Section 2. Exclusive Nature of Duties. The Distributor shall
be the Funds' exclusive representative to act as principal underwriter and
distributor of the Shares, except that:
a. The Corporation may, with respect to any Fund, upon written
notice to the Distributor, from time to time designate other principal
underwriters and distributors of the Shares with respect to areas other than the
United States as to which the Distributor may have
expressly waived in writing its right to act as such. If such designation is
deemed exclusive, the right of the Distributor under this Agreement to sell the
Shares in the areas so designated shall terminate, but this Agreement shall
remain otherwise in full effect until terminated in accordance with the other
provisions hereof.
b. The exclusive rights granted to the Distributor to purchase
Shares from each Fund shall not apply to Shares issued in connection with the
merger or consolidation of any other investment company or personal holding
company with a Fund or a Fund's acquisition by purchase or otherwise of all (or
substantially all) the assets or the outstanding shares of any such company.

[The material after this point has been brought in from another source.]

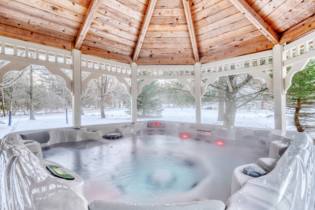 Imagine isso: café da manhã em um deck enorme enquanto os cervos passam, noites mergulhando em sua banheira de hidromassagem privada durante todo o ano sob as estrelas e noites aconchegadas perto da lareira em uma casa que os hóspedes chamam de "excepcionalmente limpa e incrivelmente aconchegante". Situado em uma comunidade tranquila e privada de lago e perto das principais atrações de Pocono, o Winnie's Retreat é o seu refúgio tranquilo sem abrir mão do conforto ou da conveniência — perfeito para escapadas românticas, aniversários e fins de semana inesquecíveis.

c. Such exclusive rights also shall not apply to Shares issued
by a Fund pursuant to reinvestment of dividends or capital gains distributions.
d. Such exclusive rights also shall not apply to Shares issued
by a Fund pursuant to any conversion, exchange or reinstatement privilege
afforded redeeming shareholders or to any other Shares as shall be agreed
between the Corporation and the Distributor from time to time.
Section 3. Purchase of Shares from the Corporation.
a. Prior to the continuous offering of the Shares of a Fund,
commencing on a date agreed upon by the Corporation and the Distributor, the
Distributor may solicit subscriptions for Shares during a subscription period
which shall last for such period as may be agreed upon by the parties hereto. If
so, the subscriptions will be payable within three business days after the
termination of the subscription period, at which time the Shares will be issued
against payment and such Fund will commence operations.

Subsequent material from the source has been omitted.